#### Work instructions
Every record should be copied exactly, except that pictures are to be omitted.

Source records: Begin

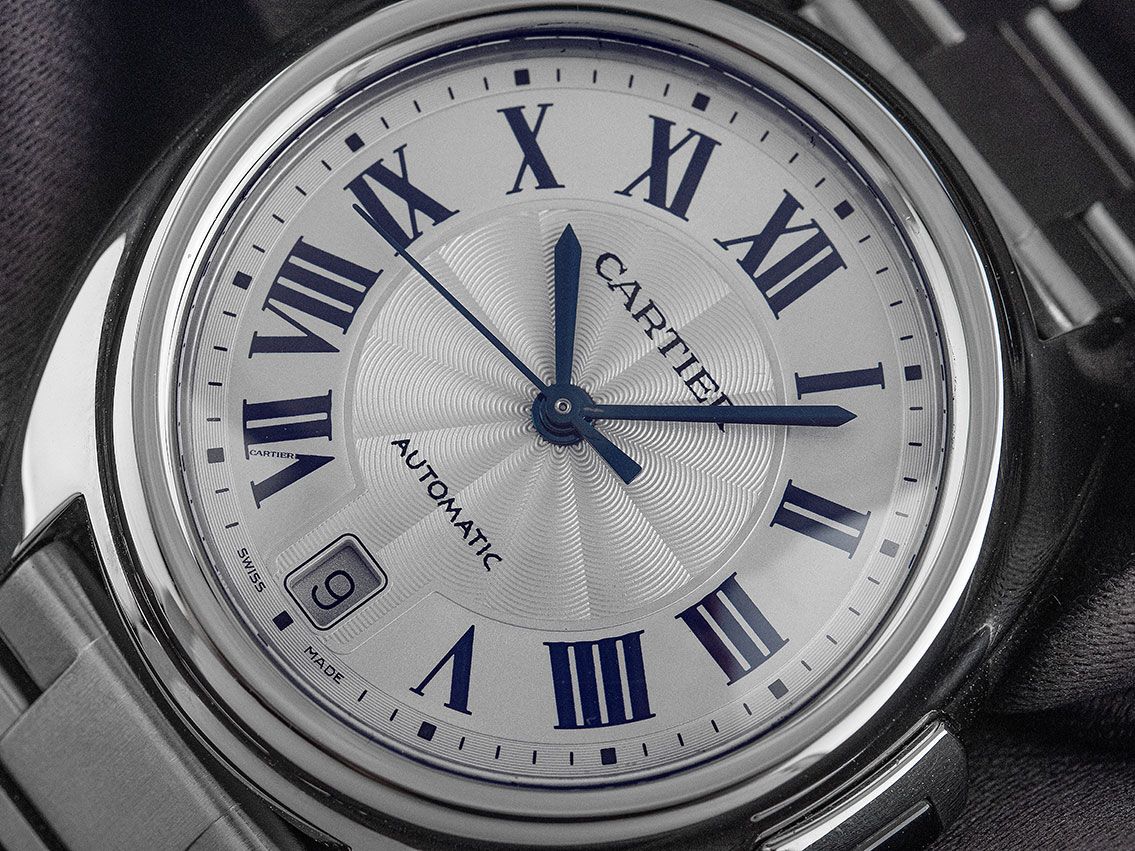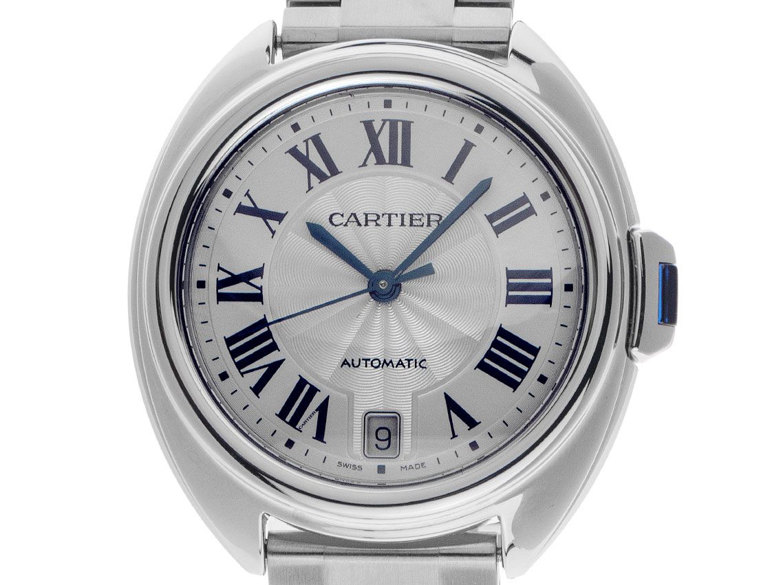 Gehäuse Edelstahl poliert, Gehäusedurchmesser ohne Krone 36mm, Gehäusehöhe 10,3mm. Lünette Edelstahl glatt und poliert. Armband Edelstahl satiniert, verdeckte Doppelfaltschließe Edelstahl, Band von Cartier Ronde Modelle. Zifferblatt silberfarben guillochiert mit blauen römischen Ziffern und gebläuten Zeigern. Uhrwerk Automatik, Kaliber 1847 MC mit 23 Edelsteinen. Anzeige von Stunde, Minute und Sekunde über Zeiger aus der Mitte mit Sekundenstopp zur sekundengenauen Einstellung der Uhrzeit, Datumsanzeige mit Schnellverstellung bei 6 Uhr. Saphirglas kratzfest und gewölbt. Krone eckig mit einem Spinell. Boden Edelstahl 8-fach verschraubt und graviert mit Saphirglas Sichtfenster. Gewicht der Uhr inklusive Armband 86g, Länge des Armbandes inklusive Gehäuse 155mm. Referenznummer: WSCL0006, Gehäusenummer: 73137XXX, Baujahr: 2018, ID: P109353200625H-6800, Artikelnummer: 10000080878. Mit Gangkontrolle und kompletter äußerlicher Aufarbeitung von Juli 2025. Original Cartier Box mit Umkarton und Beschreibung sowie Watchregister Auszug von Juni 2025, The Watch Register Zertifikat / ohne Eintrag (Internationale Datenbank für verlorene oder gestohlene Uhren. Superschnäppchen, Kapitalanlage mit Wertsteigerungspotential. Wie Neu. Lieferzeit sofort.
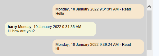 9. In this picture we can see messages from “Harry” on the left-hand side and messages we have sent him on the right-hand side. If they have already been read, they will be marked as ‘Read’ and have a light brown colour. If we have sent a message that has not been read yet it will look like:
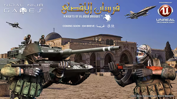Fursan al-Aqsa: The Knights of the Al-Aqsa Mosque is a game which addresses the Israel x Palestine conflict from a Palestinian perspective, breaking the cliché of portraying Muslim and Arabs as Terrorists, Bandits, Villains and the Americans/Israelis as the "Good Guys" and "Heroes" of History. This is the first game in the games industry which addresses such a sensitive topic, in a realistic way, showing the other side of history, which is very unknown by people, mostly here on west.
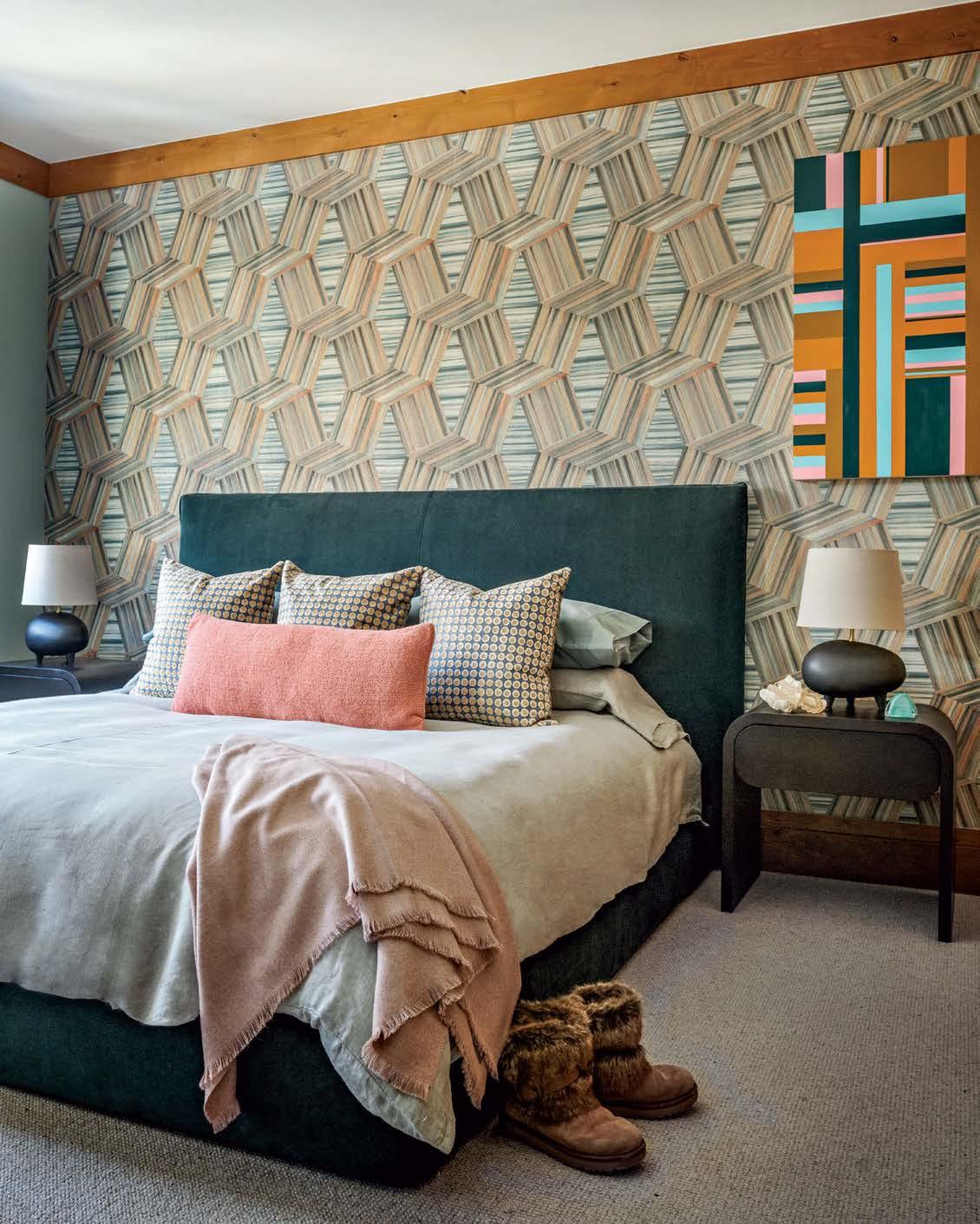 The color palette remains subdued and naturalistic in the main social areas, harmonizing with the rugged woods. But motifs became daring in the private areas that, prior to the remodel, lacked the same architectural detailing. “A lot of the art Dale makes has really bold color stories, so it was nice to add in those elements,” Turkus explains. Different prints and textures give each bedroom suite a distinct character—from the geometric wallcovering of the retro-glam guest space (where Weiss loves to stay), to the storybook forest wallpaper in the grandchildren’s bunk room. “It’s fun when you get to reside in a bedroom that has such a personality,” Weiss adds.
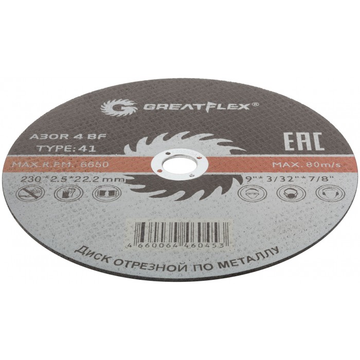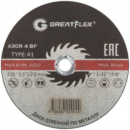 Диск отрезной по металлу Greatflex T41-230 х 2,5 х 22.2 мм, класс Master (50-41-006)
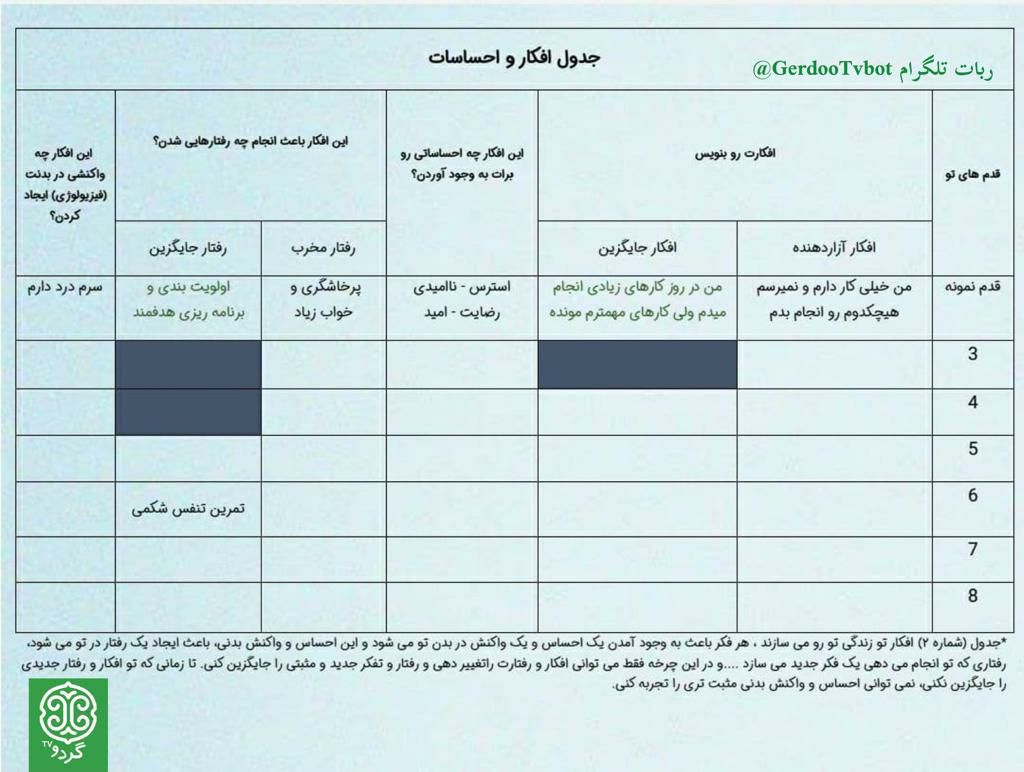 و جدول شماره ۲ را متناسب با تجربیات امروز خودت پر کن.

Source records: End

#### Result for this task
 Gehäuse Edelstahl poliert, Gehäusedurchmesser ohne Krone 36mm, Gehäusehöhe 10,3mm. Lünette Edelstahl glatt und poliert. Armband Edelstahl satiniert, verdeckte Doppelfaltschließe Edelstahl, Band von Cartier Ronde Modelle. Zifferblatt silberfarben guillochiert mit blauen römischen Ziffern und gebläuten Zeigern. Uhrwerk Automatik, Kaliber 1847 MC mit 23 Edelsteinen. Anzeige von Stunde, Minute und Sekunde über Zeiger aus der Mitte mit Sekundenstopp zur sekundengenauen Einstellung der Uhrzeit, Datumsanzeige mit Schnellverstellung bei 6 Uhr. Saphirglas kratzfest und gewölbt. Krone eckig mit einem Spinell. Boden Edelstahl 8-fach verschraubt und graviert mit Saphirglas Sichtfenster. Gewicht der Uhr inklusive Armband 86g, Länge des Armbandes inklusive Gehäuse 155mm. Referenznummer: WSCL0006, Gehäusenummer: 73137XXX, Baujahr: 2018, ID: P109353200625H-6800, Artikelnummer: 10000080878. Mit Gangkontrolle und kompletter äußerlicher Aufarbeitung von Juli 2025. Original Cartier Box mit Umkarton und Beschreibung sowie Watchregister Auszug von Juni 2025, The Watch Register Zertifikat / ohne Eintrag (Internationale Datenbank für verlorene oder gestohlene Uhren. Superschnäppchen, Kapitalanlage mit Wertsteigerungspotential. Wie Neu. Lieferzeit sofort.
 9. In this picture we can see messages from “Harry” on the left-hand side and messages we have sent him on the right-hand side. If they have already been read, they will be marked as ‘Read’ and have a light brown colour. If we have sent a message that has not been read yet it will look like:
Fursan al-Aqsa: The Knights of the Al-Aqsa Mosque is a game which addresses the Israel x Palestine conflict from a Palestinian perspective, breaking the cliché of portraying Muslim and Arabs as Terrorists, Bandits, Villains and the Americans/Israelis as the "Good Guys" and "Heroes" of History. This is the first game in the games industry which addresses such a sensitive topic, in a realistic way, showing the other side of history, which is very unknown by people, mostly here on west.
 The color palette remains subdued and naturalistic in the main social areas, harmonizing with the rugged woods. But motifs became daring in the private areas that, prior to the remodel, lacked the same architectural detailing. “A lot of the art Dale makes has really bold color stories, so it was nice to add in those elements,” Turkus explains. Different prints and textures give each bedroom suite a distinct character—from the geometric wallcovering of the retro-glam guest space (where Weiss loves to stay), to the storybook forest wallpaper in the grandchildren’s bunk room. “It’s fun when you get to reside in a bedroom that has such a personality,” Weiss adds.
 Диск отрезной по металлу Greatflex T41-230 х 2,5 х 22.2 мм, класс Master (50-41-006)
 و جدول شماره ۲ را متناسب با تجربیات امروز خودت پر کن.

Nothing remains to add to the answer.